High-Level Design

MLflow follows a client-server architecture with a clear separation between metadata storage (backend store) and file storage (artifact store). The tracking server acts as the gateway for all operations.

This design was deliberate: ML workflows produce two fundamentally different types of data. Metadata is small, structured, and needs efficient querying. Artifacts are large, unstructured, and need scalable storage. Mixing them would compromise one or the other.

System Components

Click any component below to see its details and purpose in the architecture.

MLflow Architecture

💻
ML Client (SDK)
Logging & queries
🌐
Tracking Server
REST API + UI
💾
Backend Store
Metadata (SQL)
📦
Artifact Store
Files (S3/GCS)
📑
Model Registry
Versioning

Design Decisions

REST API over Direct Database Access

Clients never talk to the backend store directly — everything goes through the tracking server’s REST API. This provides access control, schema evolution, and the ability to swap storage backends without changing client code. The trade-off is an extra network hop, mitigated by batched and async logging.

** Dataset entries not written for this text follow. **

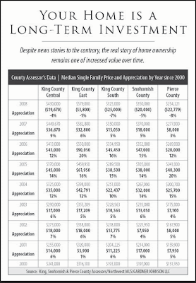 Just in case you need to be reminded, regardless of the ups and downs in real estate, this report shows you just how good real estate has been for us! Yes, we’ve had a little down cycle this past 14 months in Snohomish County, but our area has too many economic hubs to let a little housing market downturn have a huge impact for very long. Hang in there! If you are a Buyerm, this is a great time to buy! As soon as I can figure out how to link or display the latest graph, I will!
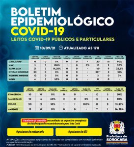 No censo diário de leitos da Covid-19 desta sexta-feira (10), no Hospital Estadual Adib Jatene, os 20 leitos de UTI Covid (Unidade de Terapia Intensiva) encontram-se 90% ocupados. Outro hospital de esfera estadual, o Conjunto Hospitalar de Sorocaba (CHS), possui três leitos clínicos Covid e três estão ocupados. O único leito de UTI infantil Covid encontra-se sem paciente. Dos 10 leitos de UTI Covid disponibilizados neste hospital, nove estão ocupados.
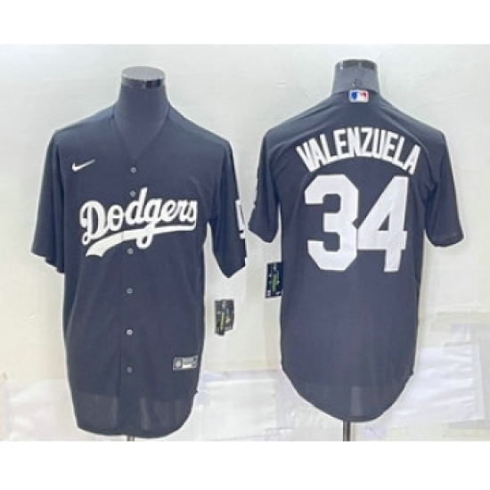 Men's Los Angeles Dodgers #34 Fernando Valenzuela Black Cool Base Stitched Baseball Jersey1
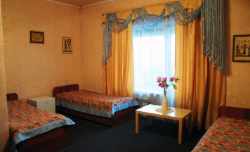 В номере имеется: три раздельные кроватями,балкон с видом на частный сектор,
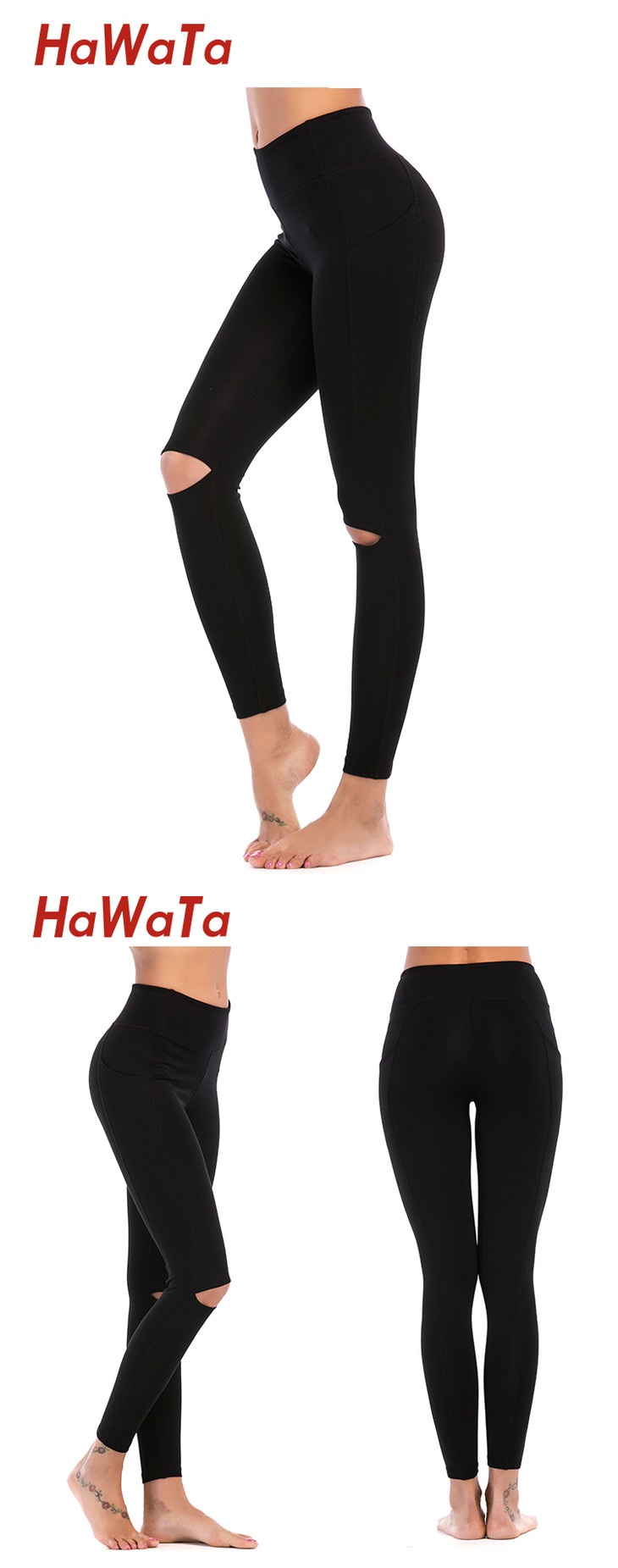 【买一赠一】华威特 瑜伽破洞侧兜九分小脚裤
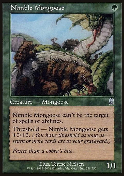 Shroud (This creature can't be the target of spells or abilities.) Threshold — Nimble Mongoose gets +2/+2 as long as seven or more cards are in your graveyard.
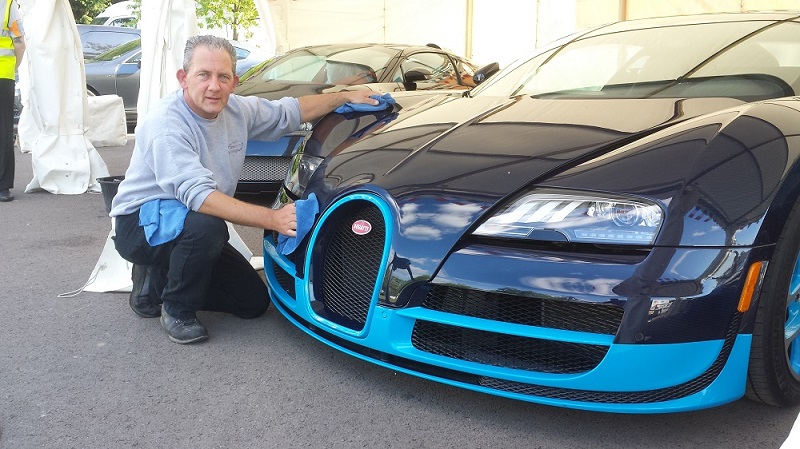 Cheltenham and Tewkesbury Father and Son franchisees, Richard and Matt valeted and maintained three Bugatti’s at the La Vie en Bleu 2013 for the Bugatti owners Club including the £1 million plus Bugatti Vitesse.

Separation of Metadata and Artifacts

This is MLflow’s most important architectural decision. Parameters and metrics go to a fast SQL database; model files and plots go to cheap object storage. You get the query performance of PostgreSQL for experiment comparison and the scale of S3 for artifact durability.

🔍
Why Stateless? The tracking server stores no state itself — all state lives in the backend and artifact stores. This means you can run multiple server instances behind a load balancer for high availability. A server crash loses no data, because data has already been persisted to the stores.

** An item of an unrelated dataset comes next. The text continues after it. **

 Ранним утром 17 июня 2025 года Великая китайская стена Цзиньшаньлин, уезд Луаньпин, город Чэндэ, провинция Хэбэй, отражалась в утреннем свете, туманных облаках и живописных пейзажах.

Pluggable Storage Backends

Both stores are abstracted behind interfaces (AbstractStore for tracking, artifact repository interfaces for artifacts). You can run SQLite locally, PostgreSQL in staging, and Databricks in production — without changing ML code.

Fluent API with Thread-Local Context

The fluent API (mlflow.log_param()) uses thread-local storage to track the active run. This makes the API clean for interactive use but can cause confusion in multi-threaded code. The explicit MlflowClient API avoids this by requiring run IDs for every call.